REGGIO EMILIA – “In quel casolare era stato ripristinato a opera d’arte lo stato dei luoghi, non ci saremmo mai accorti del punto dello scavo, perché l’area era totalmente omogenea. Anche dal drone non si notava nulla e la vegetazione era cresciuta sopra. Poi, è arrivata l’indicazione dello zio Danish Hasnain“. Il maresciallo dei carabinieri di Reggio Emilia, Cristian Gandolfi, ha ripercorso in aula le fasi di indagine e di ricerca del corpo di Saman Abbas, ritrovato nel novembre 2002 in un casolare abbandonato a Novellara che dista 500 metri dall’abitazione dove la 18enne pakistana ha vissuto con la famiglia. Il ritrovamento è avvenuto un anno e mezzo dopo la sua scomparsa.
Davanti alla Corte d’Assise di Reggio Emilia si è celebrata un’altra udienza del processo che vede alla sbarra i genitori, lo zio e due cugini, accusati di aver ucciso e fatto poi sparire il corpo della ragazza. Oggi, per la seconda volta, era collegato dal Pakistan anche il padre Shabbar Abbas, che ha ribadito tramite i suoi legali di non voler essere ripreso da fotografi o telecamere, così come il rappresentante dell’Arma.

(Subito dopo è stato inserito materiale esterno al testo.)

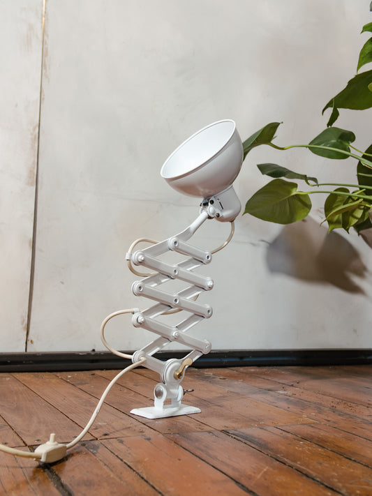 1930s SIEMENS Scissor Lamp with FABRILUX enamel lampshade, Industrial Wall Mounted Task Lighting

Il maresciallo Gandolfi, nella sua lunga deposizione, ha poi ricostruito come tramite i tabulati telefonici e le intercettazioni dei profili dei social network, e grazie alla collaborazione dell’Interpol, siano riusciti poi a catturare i due cugini e lo zio (fuggiti dopo il delitto tra Francia e Spagna) e il padre in Pakistan. La madre Nazia, invece, è ancora latitante nel Paese asiatico.